I find the reasons why someone would use dlt+ really compelling. That is, only if it solves a key problem you are trying to solve. Luckily, dlt+ potentially covers many use cases:
- Collaboration in multidisciplinary teams
- Quicker access to data -> faster, more accurate insights
- Quicker onboarding of users -> Save engineering time
- Reduce cloud costs through local exploration, development, and testing
- Semantic contracts maintain data quality and compliance
- Leverages open standards (Delta, Iceberg) thus breaking vendor lock-in (but isn’t dlt+ a vendor lock-in? 🧐)
Deeper look
The rough workflow in dlt+ would look a little something like this:
- Data Engineer creates a dlt package* (python, SQL, yaml) and pushes their changes to GitHub. The Data Engineers uses locally:
- Python, SQL, yaml
- Delta Lake
- DuckDB, Arrow, Parquet
- dbt
- The Infrastrucuter Engineer adds security (profiles, audit) and builds a private PyPi package. They use tools like Docker and Terraform/ Pulumi
- The Data Scientist uses and shares the data. Within their local notebook environment, they can use the dlt package as a regular python package, analyze and wrangle data, and write-back the data - all with embedded security and schema contracts.

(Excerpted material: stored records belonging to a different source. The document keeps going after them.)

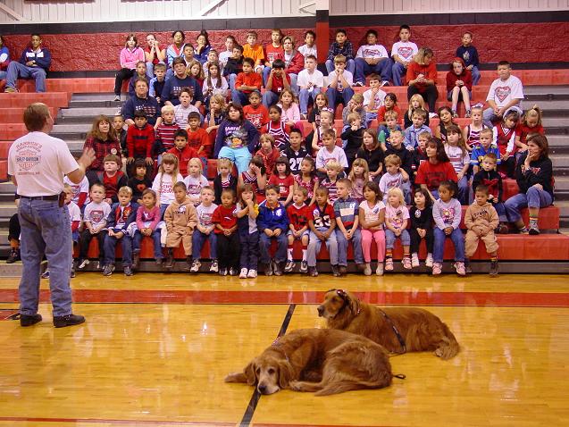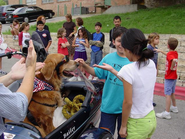 we had. Hundreds of students came out with the teacher and staff to greet Max & Bailey as we
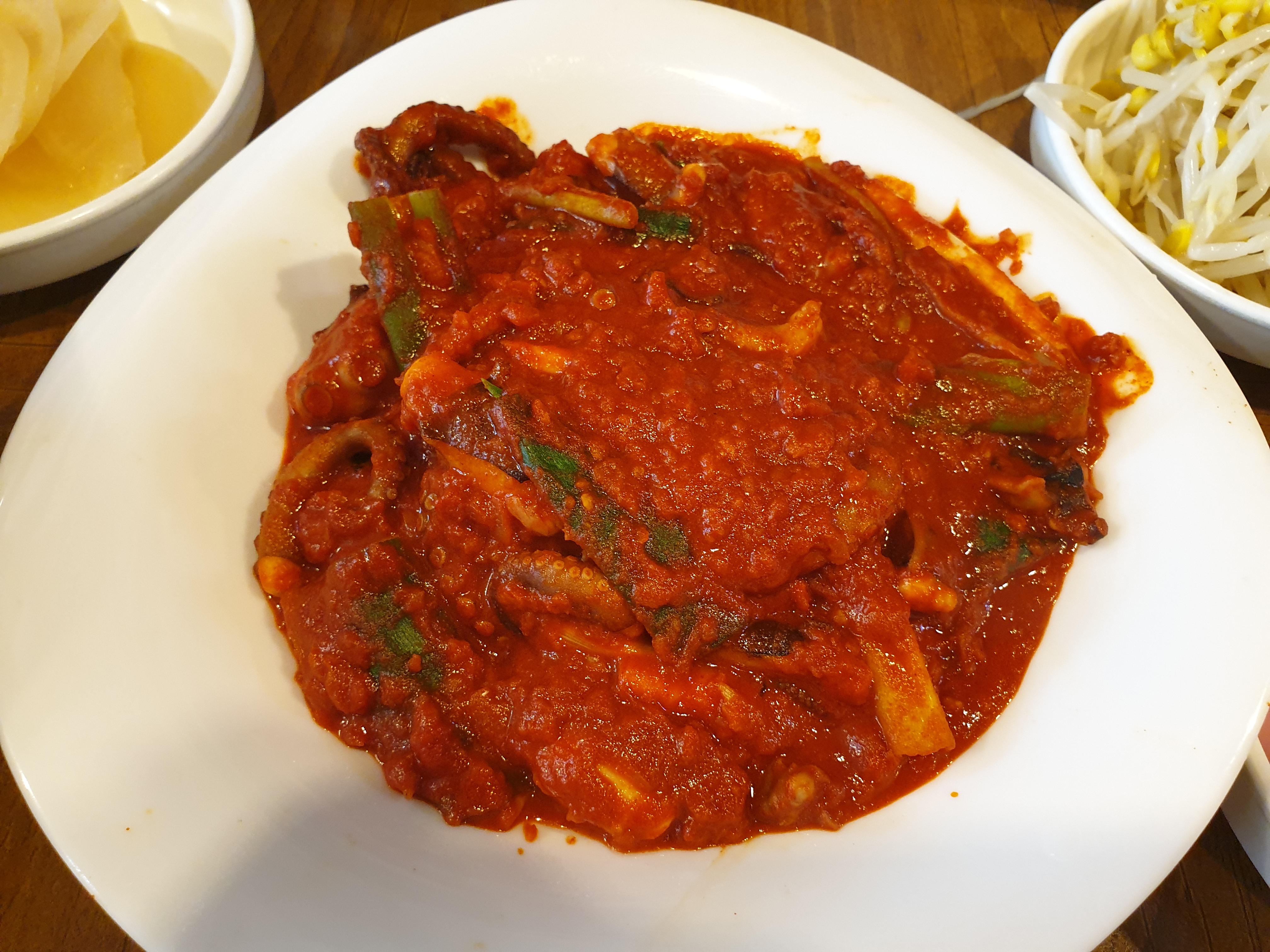어려서 부모님과 함께 방문했던 집입니다. 초등학생 때는 도저히 매워서 못 먹었습니다. 그리고 고등학생 때는 그럭저럭 먹었는데 그래도 다 먹고 나면 몇 분 동안 매운맛이 입안에 가득해서 정신이 없을 정도였습니다. 그리고 성인이 돼서 술을 배우고 소주와 함께 낙지 볶음과 조갯국을 같이 먹으니 예전 추억과 함께 정말 맛있게 먹게 되더라고요.
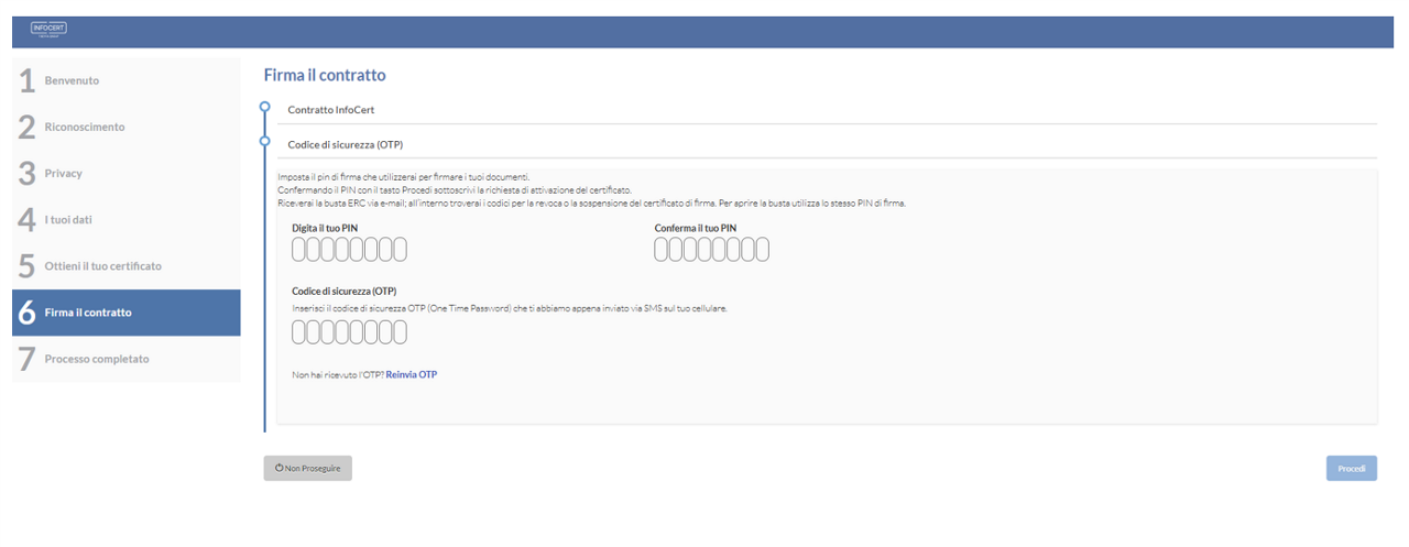 Il punto 5 permette di prendere visione delle condizioni generali relative alla firma OneShot tramite OTP che verrà ricevuto via SMS e che permetterà di firmare la richiesta di attivazione del certificato.

*A dlt package contains data sources, dlt pipeline(s) and (dbt) transformations
The definition of the dlt project, dlt_project.yml
, will already look familiar to many:
After building of the pipeline, initial transformations, and deployment, the Data Scientist can then get to work on the data without needing to be connected to expensive cloud resources or needing to deal much with secrets. They would interact with the portable data lake something like this:
# Import package from private PyPi repository
import dlt_company_package as dlt_cp
# Inspect available datasets
catalogue = dlt_cp.catalogue()
# This shows the datasets available for the profile interacting with the catalogue
print(catalogue)
# Shows the table of the dataset, assuming the user has access via their profile
print(catalogue.my_dataset)
Then, after performing some data science work, they can write back their results. Here, dlt enforces the data contracts specified in the dlt_profile. It could for example allow the insertion of records, but disallow the change of columns.

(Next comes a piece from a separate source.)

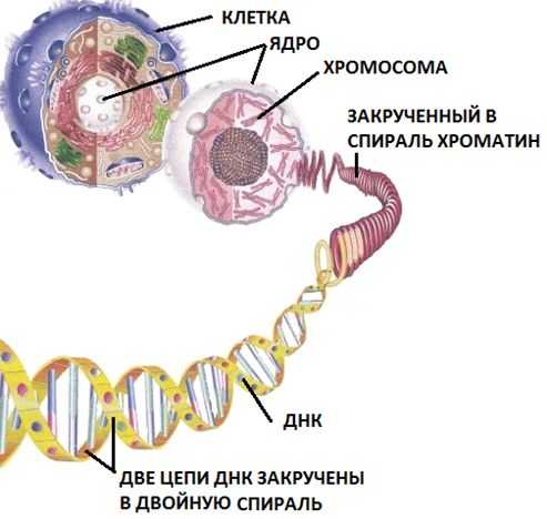 Хроматин представляет собой нити ДНК. Если клетка начинает делиться, то нити хроматина плотно накручиваются спиралью на особые белки, как нитки на катушку. Такие плотные образования хорошо видны в микроскоп и называются хромосомами.
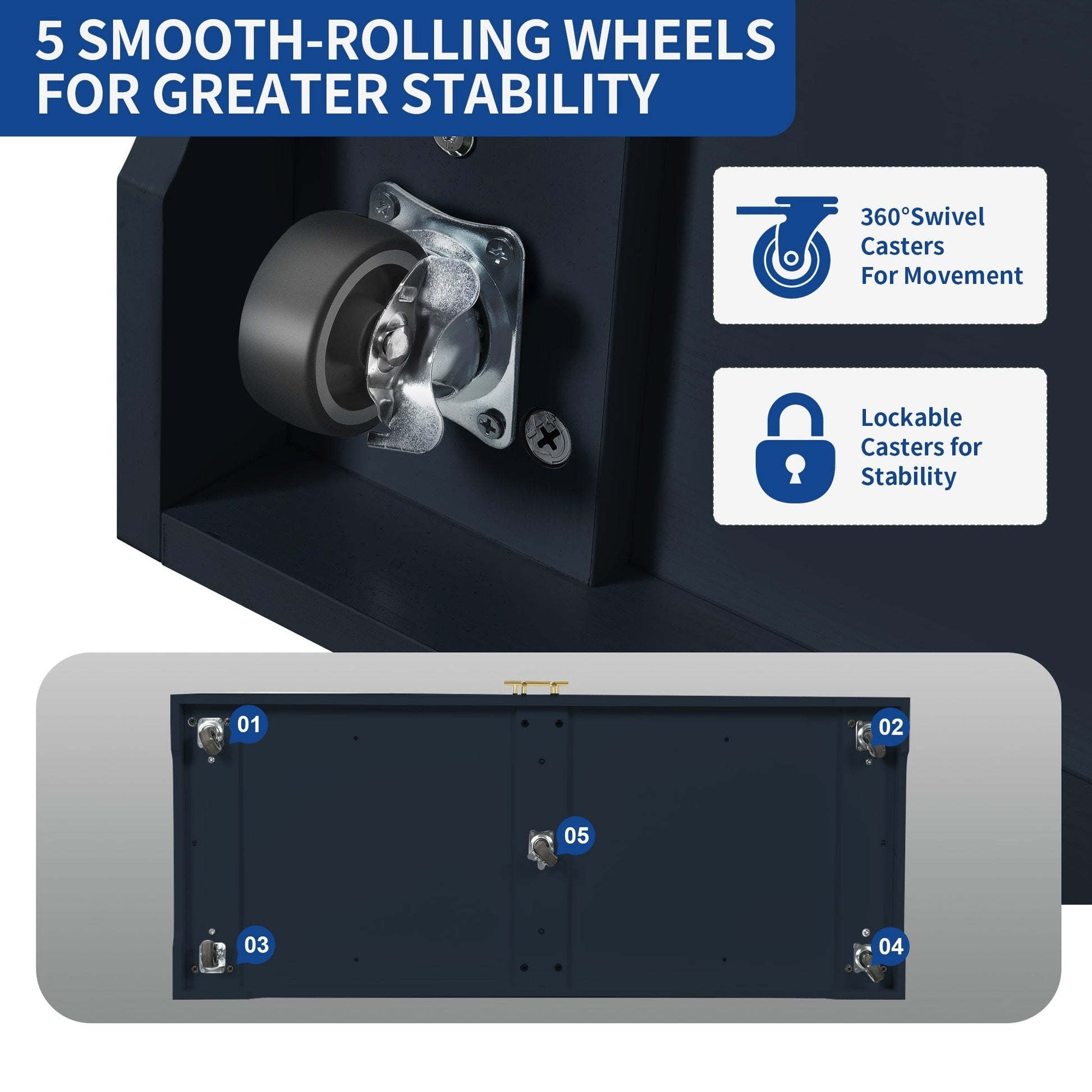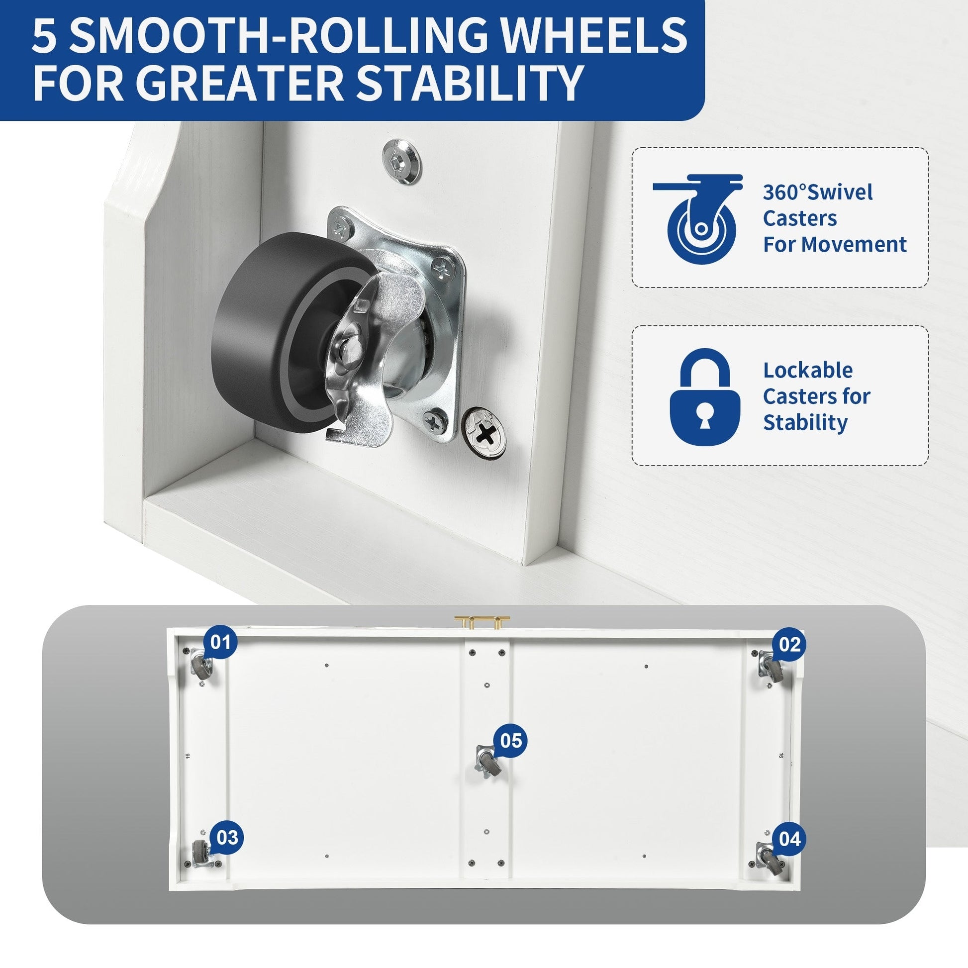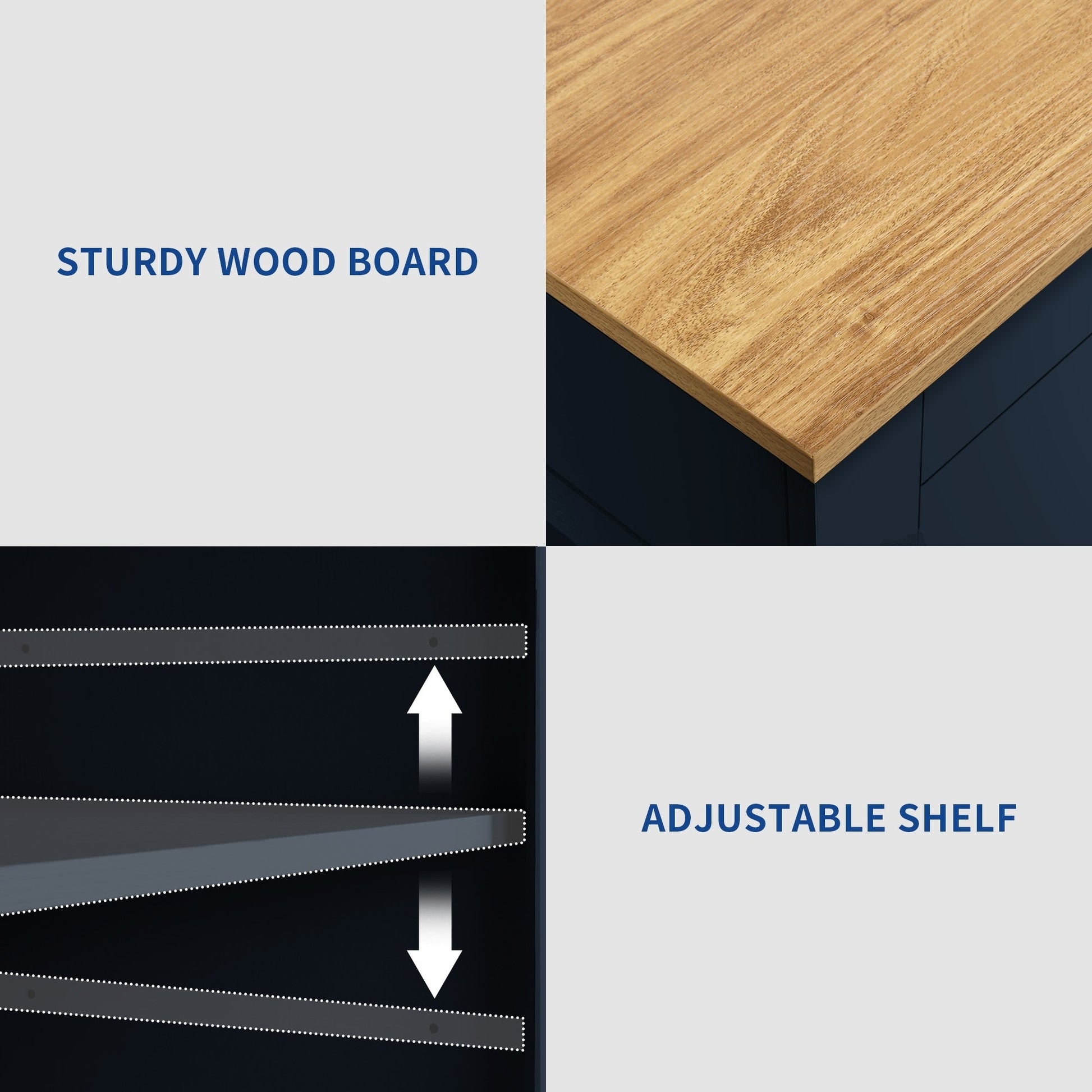 Scopri il nostro mobiletto portarifiuti ribaltabile! Questa aggiunta essenziale alla tua isola cucina aiuta a mantenere la cucina e la zona pranzo pulite e fresche, conservando in modo sicuro un bidone della spazzatura da 40 litri (non incluso) per prevenire i cattivi odori. Offre ampio spazio di archiviazione con 2 cassetti per utensili, stoviglie e cancelleria, e 3 ripiani laterali aperti per le spezie. Il ripiano regolabile all'interno del mobiletto può contenere vari utensili da cucina. Questo versatile carrello è dotato di ruote bloccabili per un facile spostamento e bloccaggio durante la preparazione o la conservazione degli alimenti. Ideale per cucine, sale da pranzo e ristoranti, questo mobiletto è realizzato in pannelli MDF certificati CARB fase Ⅱ. Il montaggio è semplice e le istruzioni sono chiare.

# Write into data lake, if sufficient permissions
print(catalogue.my_dataset.save(df, table_name="my_table"))
If a table contract is violated, dlt raises an error, which would look something like this:
DataValidationError: In schema: out source Table: my_table Column: id. Contract on columns with freeze mode is violated. Trying to add column id to table my_table but columns are frozen
Thoughts
Personally, I am really excited about the possibilities of dlt+! I have experienced first-hand the creeping cloud costs of easy-to-setup and use cloud-native analytics platforms (looking at you Azure Synapse) and wished for ways I could simply leverage my own laptop for e.g. quick exploration, or the creation of an ad-hoc analysis.
And if you really think about it, most companies (certainly all I encounter in my work) really do not need distributed computing - which is what all modern, cloud-native datawarehouses are built on top of. So why are we still recommending everyone to move to one of the big DWH - regardless of data volume?
The above is a scenario more and more data practicioners and decision makers face. OSS software like dlt and DuckDB are massively in gaining popularity, because they effectively address these very real problems.
With dlt’s focus on open standards, performant and quick data ingestion, and now enterprise features such as data contracts, collaboration, and security all while leveraging local compute, I think dlt+ is positioned very attractively in a promising space!